The next thing I know we are sitting down with this guy in his
shop and some little kid appears out of the woodwork with a silver
tray filled with tea fixin's. This guy is off and running about
who knows what and Mom is right there with him. They are talking
so fast it makes my head spin. Then after a few glasses of tea
we begin eying blankets and carpets that we like. The game is
suddenly on. The fox and the hound are at it again. Our guy names
us a price on a few blankets and then steps out for a few minutes
to let us talk about it. Mom tells me not to show any interest
in the blanket that I really want because then the price will
double.
Instead she says to pretend to like the
ugly one and then get him to name an inflated price on the ugly
one and a more reasonable price on the one that I secretly like.
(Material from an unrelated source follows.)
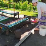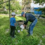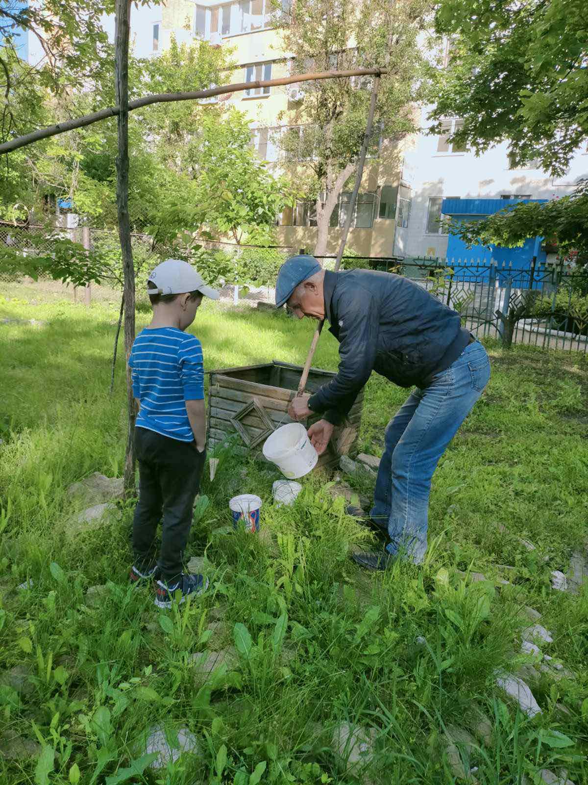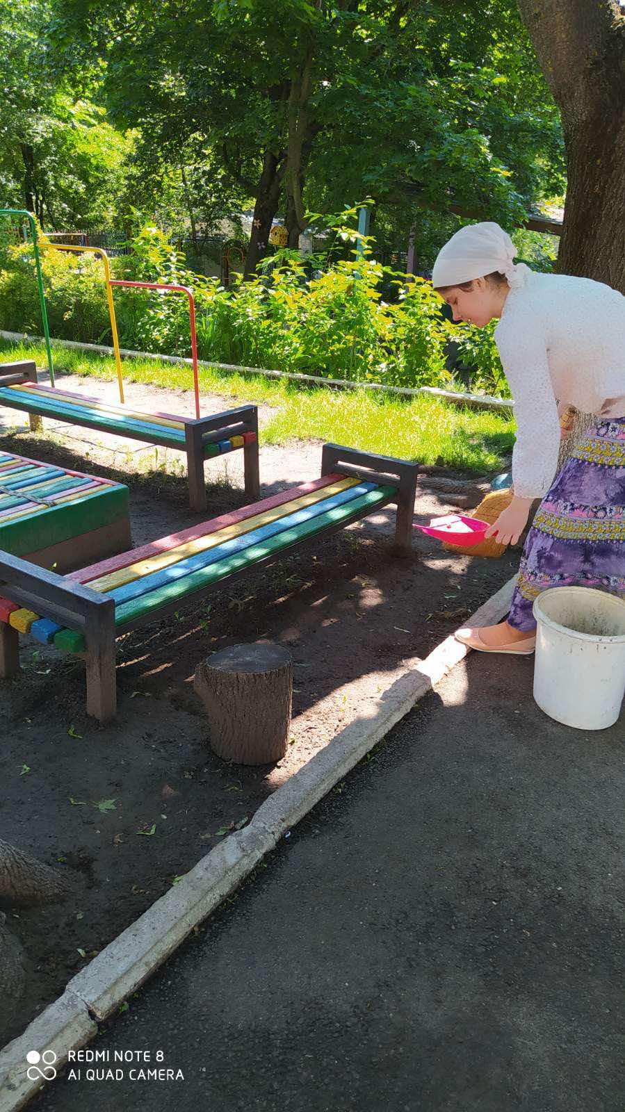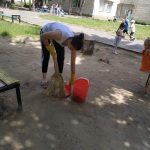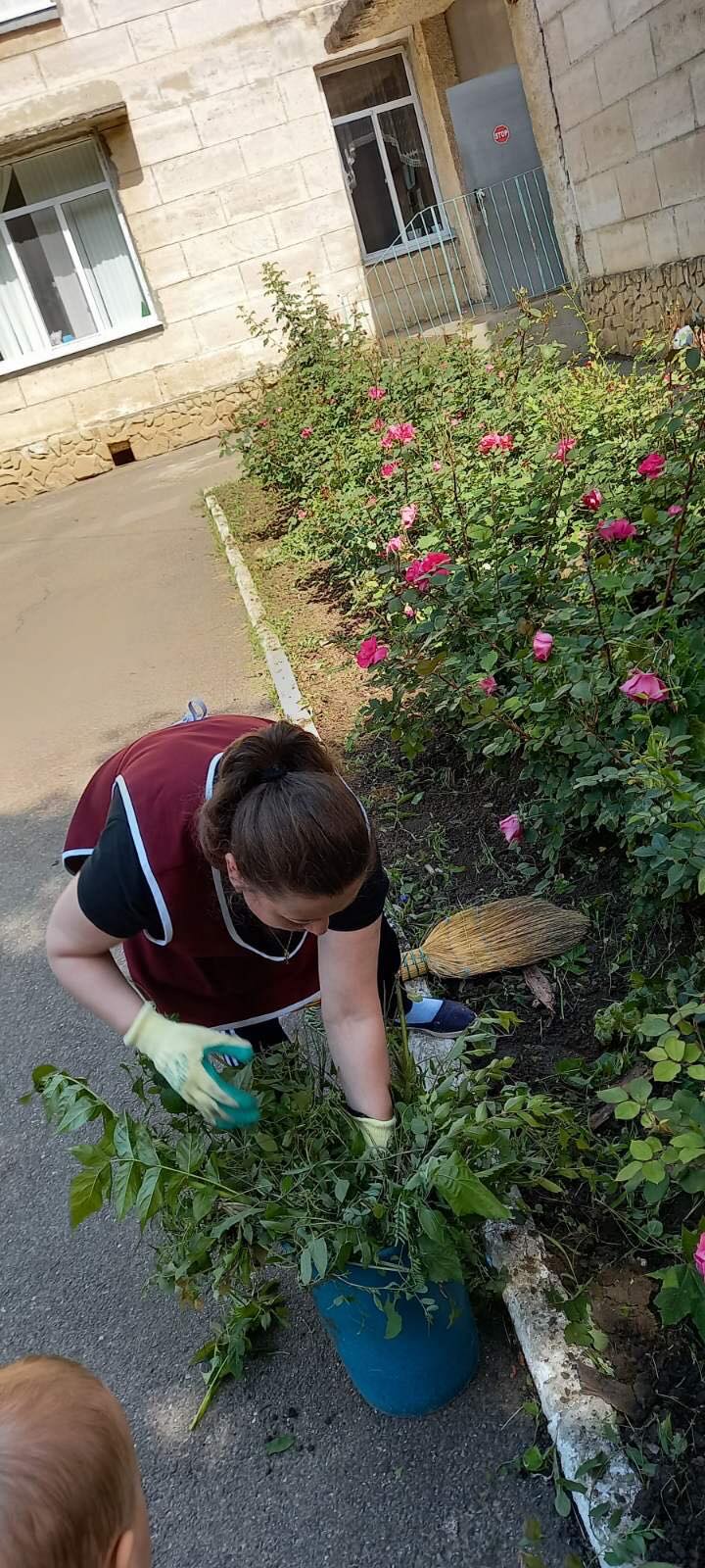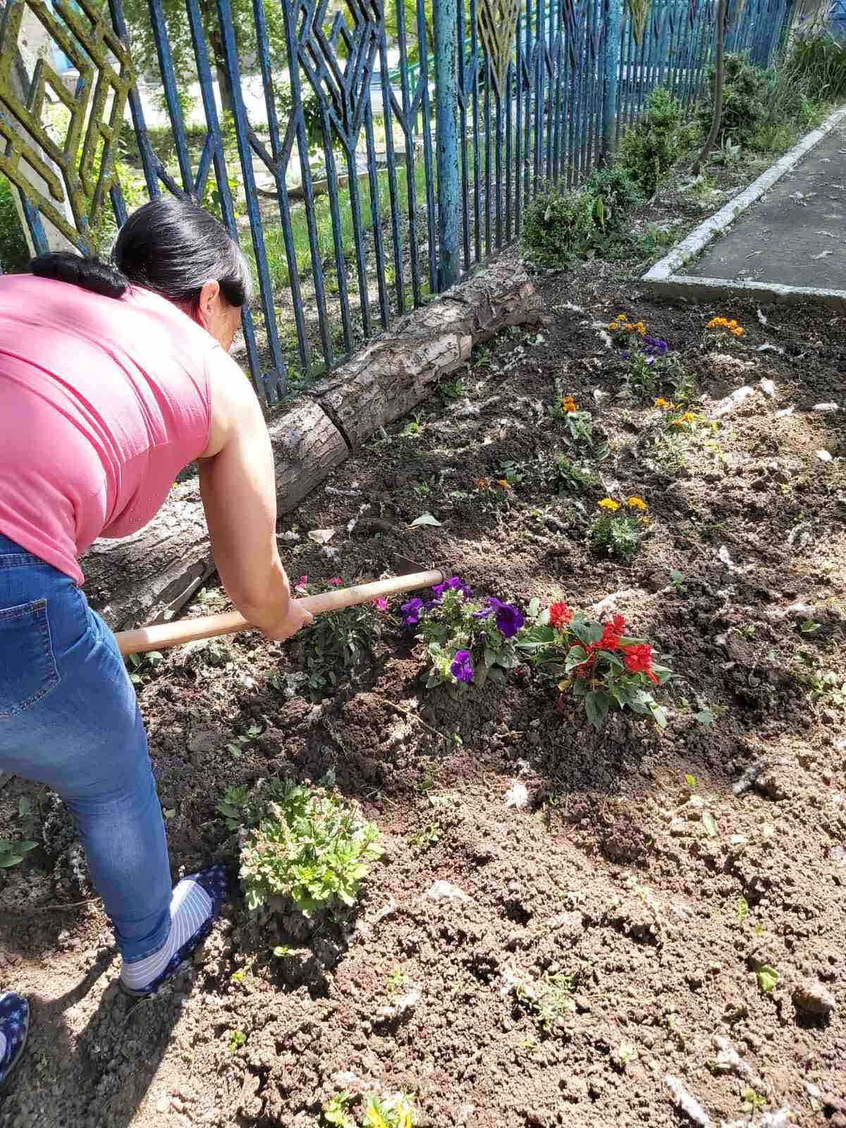 Astăzi este vineri — o zi frumoasă de vară. După zilele ploioase anterioare angajații instituției preșcolare fac ordine pe terenul aferent/adiacent al instituției de învățământ. Este o lecție de curățenie sanitară și atitudine grijulie față de natură care ne înconjoară.

When our guy returns I ask about the ugly blanket. Sure enough
it is twice as much as the one that I am interested in. This sort
of thing goes on for about forty-five minutes. Back and forth.
Finally we arrive on a price for three blankets that we liked.
The merchant assured us that were getting "the price of the
brother." Once you arrive at a price that is agreeable for
both parties the deal is considered sealed and it is considered
rude not to finalize the transaction at this point. So we end
up buying three blankets for 900 Dhs ($90). As we walk away Mom
expresses her ambivalence about our purchase, "For all I
know these blankets could be worth five dollars. But they are
worth at least $90 to me so I am happy!" What a great way
to think about it. We were to later find out from one of the Peace
Corps Small Business volunteers that we had actually gotten
the "price of the brother" just like our merchant said.
A fair price is around 300 Dhs/square meter of fabric and we were
a little under that. Not too bad.
I am amazed at what Becky has done. A full out screaming argument with our cabby in addition to driving a hard bargain with a battle hardened carpet merchant! Is this the same woman that raised my brother and I?
That night we met up with one of Becky's Peace Corps friends and went to dinner on the plaza: Omar #18. She was a nice blonde girl named Gabby and she is fluent in both Tashelhait and Dereeja. Needless to say she was a hit with everyone at dinner. Again I was amazed at how friendly the people are here. It's like nothing I have ever seen. It was at dinner that I realized how interesting and amazing the next two weeks were going to be. After a long day I put myself to sleep with a little melatonin and woke up the next day free from jet lag!